Evidence cannot disprove Posner's claim about consumer ignorance of information about TFs. But half of all NYC restaurants did not use TFs even prior to this ban, many foods sold in ordinary supermarkets have become TFs free in a short time period, we do not know much about whether consumers who eat high TF foods in restaurants eat little of these fats at home, young persons are the primary consumers of heavy TF diets, and other unknowns should make us skeptical of the ignorance argument. It is remarkable how the food industry and restaurants have responded to the greater evidence that TF in sufficient quantities contribute to heart disease. There is evidence elsewhere that consumers respond quickly to health news - studies have documented the rapid reduction in salt intake in response to evidence in the 1980's - now considered exaggerated - that high salt levels have been an important source of high blood pressure.

The prominence of young persons among the big consumers of TFs may be due to an unarticulated awareness that when they reach older ages where heart disease and other diseases are more common, drugs are likely to have been developed that offset the negative consequences of what appears now to be unhealthy diets.

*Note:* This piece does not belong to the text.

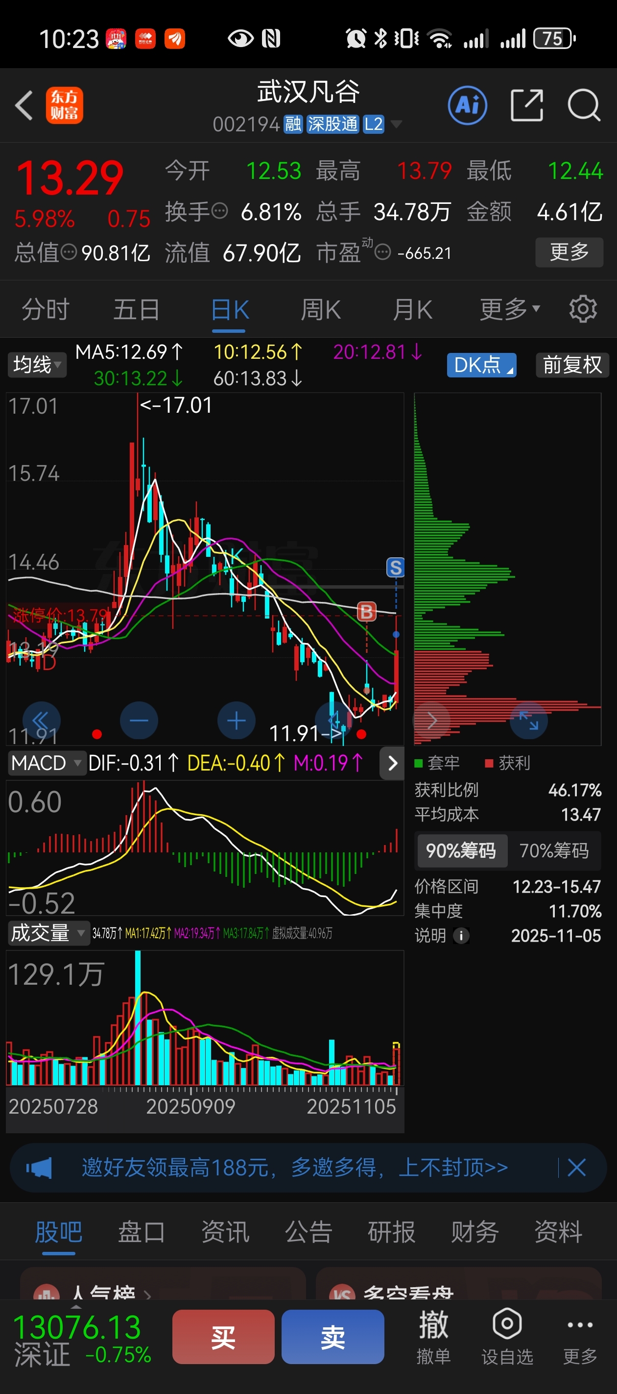 $武汉凡谷(SZ002194)$ 留1/3没卖,又吃亏了

Posner's estimate of the benefits from eliminating TFs is $3.5 billion and he takes $60 million as an estimate of the cost to restaurants from becoming TF free. Then the cost of TF consumption would exceed the expected benefits from lower prices in restaurants with TFs, even for quite but not completely ignorant consumers who attach no more than a 2% chance to the likelihood that these fats have serious consequences for health (0.02 x $6.5 billion > $100 million). These largely ignorant consumers too would only go to restaurants that are TF free so other restaurants would adjust or go out of business.

Posner also gives a kind of lower bound estimate of the benefits as $100 million, and also suggests a much lower cost to restaurants of becoming TF free - take this as $30 million. With a small ‘taste benefit’ from TFs - the New England Medicine Journal article admits positive effect on ‘palatability’- the total cost of the ban would equal or exceed total benefits. For example, suppose 1 million persons on average eat 200 meals per year in NYC restaurants with TFs. If they value tastes of TFs by only 35 cents per meal, the taste cost to consumers of the ban would be $70 million per year. Then total cost would equal benefits.

Becker therefore asks whether one really wants to go down the road of a ban on TFs when the net gains to consumers are dubious, and probably negative and when reversing directions is politically difficult. Hence governments should continue to help provide the best information available about TFs on health but market forces of supply and demand should determine fats consumed. Otherwise, we encourage further attempts to legislate fat and calorie content of permissible foods not only in restaurants but also in the home. There are just too many opportunities for ill-considered attempts to override, on limited evidence, individual judgments about what people want to consume.

Summing up. In my view (largely based on the nutritional claims of Robert Atkins that I have followed for many years) TFs are probably dangerous from the viewpoint of heart health. But doubts about their costs suggest that public bans on such fats are an overreaction. KFC and McDonalds – firms that in the past have produced a lot of TF-rich food have agreed to voluntarily cease using them anyway – these are market forces at work. There are not huge amounts of TFs in the average Australian diet anyway. Nevertheless, publicity on the possible costs is worth providing particularly and consumers are entitled to know TF content of foods they eat, particularly since the main foods in which TFs are used – biscuits, fried fast food and that disgusting replacement for healthy butter, margarine, are rubbish foods that are best avoided anyway.